An object $1 cm$ tall is placed $4 cm$ in front of a mirror. In order to produce an upright image of 3 cm height, one needs a:
(A) Convex mirror of radius of curvature 12 cm
(B) Concave mirror of radius of curvature 12 cm
(C) Concave mirror of radius of curvature 4 cm
(D) Plane mirror of height 12 cm

Answer 1

Hint:Use the formula for magnification of mirror in terms of height of image and height of object to determine the image distance. Use the mirror equation to determine the focal length of the mirror using the obtained quantities. If the focal length turns out positive, then the mirror is convex and if the focal length is negative then the mirror is concave. Also, the radius of curvature is twice the focal length.

Formula used:
-Magnification, \[m = \dfrac{{{h_i}}}{{{h_o}}}\]
Here, \[{h_i}\] is the height of the image and \[{h_o}\] is the height of the object.
-Mirror equation, \[\dfrac{1}{f} = \dfrac{1}{v} + \dfrac{1}{u}\]
Here, f is the focal length of the mirror, v is the image distance and u is the object distance.

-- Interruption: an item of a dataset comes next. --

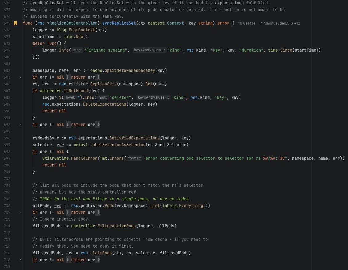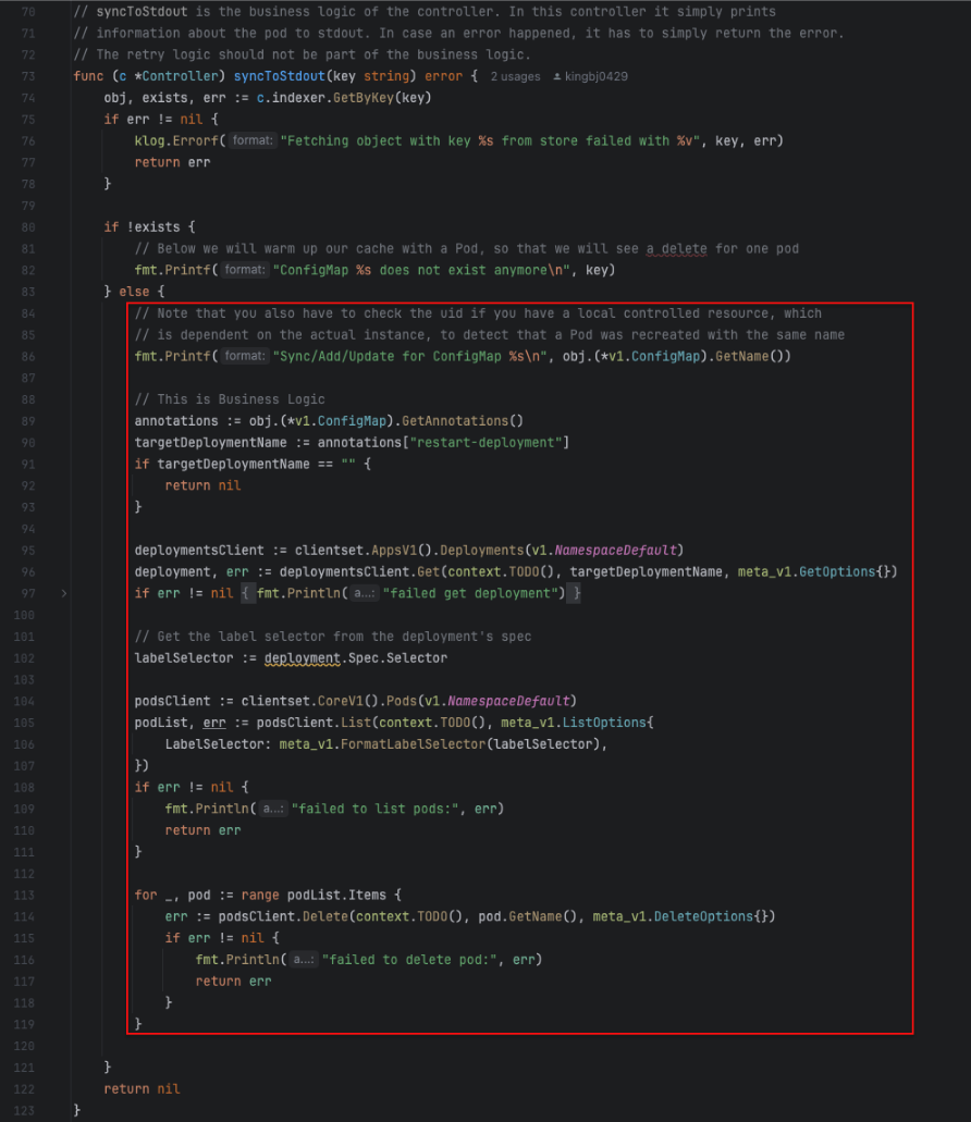 - c.syncToStdout(key) ๋ Reconciliation ์ Analyze ์ Act ์ ๊ดํ ๋น์ฆ๋์ค ๋ก์ง์ ๊ตฌํํ๋ ํจ์์ ๋๋ค. (syncToStdout ๋ผ๋ ์ด๋ฆ ๋ง๊ณ ๋ค๋ฅธ ์ด๋ฆ์ผ๋ก ์ง์ด๋ ์ ํ ์๊ด ์์)

Complete step by step answer:
We have given the object height 1 cm and image height 3 cm. The object distance \[u\] is\[ - 4\,cm\].
We know the formula for magnification for the mirror,
\[m = \dfrac{{{h_i}}}{{{h_o}}}\]
Here, \[{h_i}\] is the height of the image and \[{h_o}\] is the height of the object.
Substituting 1 cm for \[{h_o}\] and 3 cm for \[{h_i}\] in the above equation, we get,
\[m = \dfrac{{3\,cm}}{{1\,cm}}\]
\[ \Rightarrow m = 3\]
We also have other formula for magnification of the mirror in terms of object distance and image distance,
\[m = - \dfrac{v}{u}\]
Here, v is the image distance from the mirror.
We substitute 3 for m in the above equation.
\[3 = - \dfrac{v}{u}\]
\[ \Rightarrow v = - 3u\]
\[ \Rightarrow v = \left( { - 3} \right)\left( { - 4} \right)\]
\[ \Rightarrow v = 12\,cm\]
Now, we have the mirror equation,
\[\dfrac{1}{f} = \dfrac{1}{v} + \dfrac{1}{u}\]
Here, f is the focal length of the mirror.
Substituting \[ - 4\,cm\] for u and 12 cm for v in the above equation, we get,
\[\dfrac{1}{f} = \dfrac{1}{{12}} - \dfrac{1}{4}\]
\[ \Rightarrow \dfrac{1}{f} = \dfrac{{ - 2}}{{12}}\]
\[ \Rightarrow f = - 6\,cm\]
We know that the focal length is negative for a concave mirror. Therefore, the mirror should be concave.Now, we know that the radius of curvature of the mirror is twice the focal length. Therefore, we have,
\[R = 2f\]
\[ \Rightarrow R = 2\left( { - 6} \right)\]
\[ \therefore R = - 12\,cm\]

Therefore, the radius of curvature of that mirror is 12 cm.So, the correct answer is option (B).

Note:The lens equation and mirror equation have slight differences. The lens equation is given as, \[\dfrac{1}{f} = \dfrac{1}{v} - \dfrac{1}{u}\]. Therefore, do not get confused between these two. The radius of curvature of the mirror does not have a sign. It’s always a positive quantity. The sign of the radius of curvature can be used to identify the type of the mirror whether it is concave or convex.